Gita fuori porta: a Belmonte in Sabina per la Festa della Madonna e Santa Croce


In fuga dagli ultimi scampoli di caldo cittadino e duri e puri nel non volersi arrendere alla routine del rientro, questo fine settimana ce ne andiamo a rinvigorire le stanche membra nella verdissima e riposante Sabina e precisamente in uno dei suoi figli più suggestivi, Belmonte, che fa parte della Comunità montana del Turano.
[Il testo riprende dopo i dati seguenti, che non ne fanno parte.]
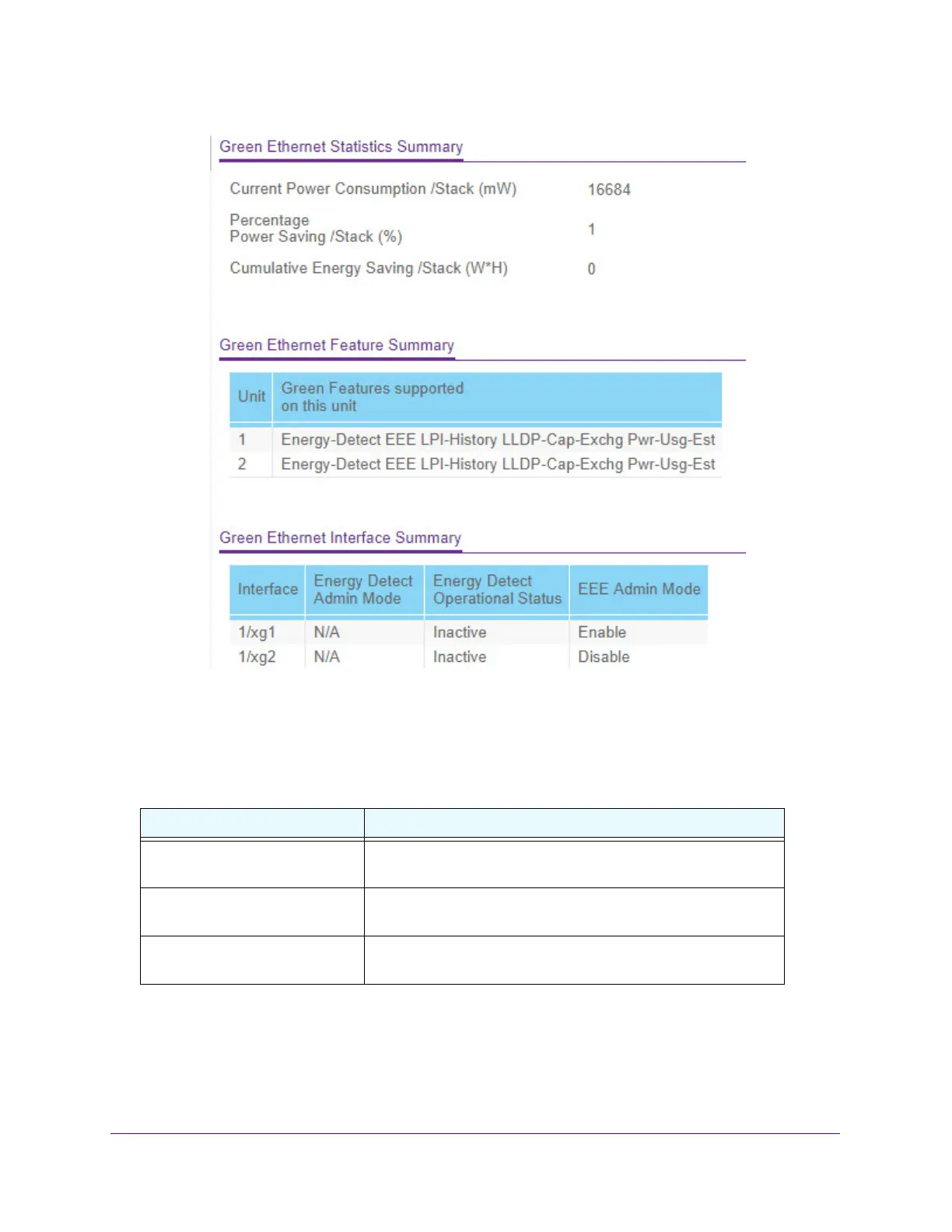 Table 19, Green Ethernet statistics summary describes the information the Green Ethernet

A partire da oggi qui si svolge la quattro giorni della tradizionale Festa in onore della Madonna e della Ss. Croce, con un programma ricco di iniziative, capace di soddisfare anche i più esigenti. Il programma divide gli appuntamenti religiosi da quelli civili, che s’incastrano perfettamente in un matrimonio tra sacro e profano che rende unica qualsiasi manifestazione popolare italiana.
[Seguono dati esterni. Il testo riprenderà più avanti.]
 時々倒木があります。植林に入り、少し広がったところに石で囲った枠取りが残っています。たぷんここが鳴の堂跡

La musica è certamente uno dei protagonisti della kermesse, nelle sue diverse declinazioni cui fa da sfondo la centralissima piazza Roma: si parte stasera con il concerto dei Quattro col Matto, domani mattina i vicoli saranno riempiti dei suoni della banda della vicina Torricella in Sabina, si prosegue con una serata danzante in compagnia dell’Orchestra spettacolo di Simona Quaranta, domenica si continua a ballare con i ragazzi della Quadriglia di Borgo Velino, in serata con i Baraonda e lunedì gran finale con il Ballo della Pantasima.

Altro elemento fondamentale della festa sono i giochi popolari che allieteranno tutti e 4 i giorni: stasera cruciverbone in piazza, domani biliardino, animazione per bambini e sanguigna a calcetto; domenica programma ricchissimo che parte con una gara di ruzzola, cui si aggiunge la gimcana e si conclude con il torneo di briscola e tresette, dedicato ai più sedentari.
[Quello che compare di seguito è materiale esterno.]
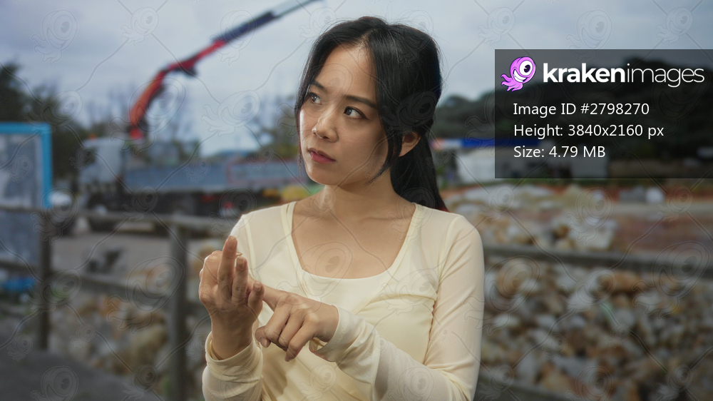 Young woman counting fingers at outdoor construction site with industrial machinery in background, reflecting focus and attention.

Tra le novità dell’edizione 2011 della festa, il concorso di pittura estemporanea intitolato ‘I colori di Belmonte’, cui tutti gli artisti locali e non sono invitati a partecipare. Il vincitore, indicato da una giuria popolare, sarà premiato domenica sera. E poi spettacolo pirotecnico e stand gastronomici sono gli altri ingredienti fondamentali della ricetta festaiola di questo paesino sabino, la cui specialità porta un nome piuttosto singolare: turchetto.

Il turchetto, festeggiato annualmente nella ‘sua’ sagra che ricorre ogni Ferragosto, è un biscotto a forma di losanga fatto con uova fresche, nocchie e farina di farro, che deve il nome all’invasione dei Turchi del Grande Ammiraglio Khayr al-Dīn, che sbarcò nella penisola nel 1533. Le donne della Sabina, preoccupate dall’avanzata barbara ma anche memori del ratto dei Romani, decisero di prendere l’invasore per la gola preparando questi deliziosi dolcetti a forma di punta di lancia.

Ed ora un po’ di storia: sembra che Belmonte sia l’antica Bazia o Vazia o Varia, ma comunque è dal Medioevo che si cominciano ad avere notizie certe, quando venne eretto il caratteristico castello che nei secoli è passato di mano in mano. Mentre siete tutti presi dalla festa, non perdetevi una passeggiata tra le Ville, uno sguardo verso l’alta Torre campanaria della chiesa di San Salvatore, o le storiche chiesa di Sant’Elena e Convento di San Nicola. Infine, un po’ fuori mano ma ne vale la pena, visitate le rovine del Ponte Romano.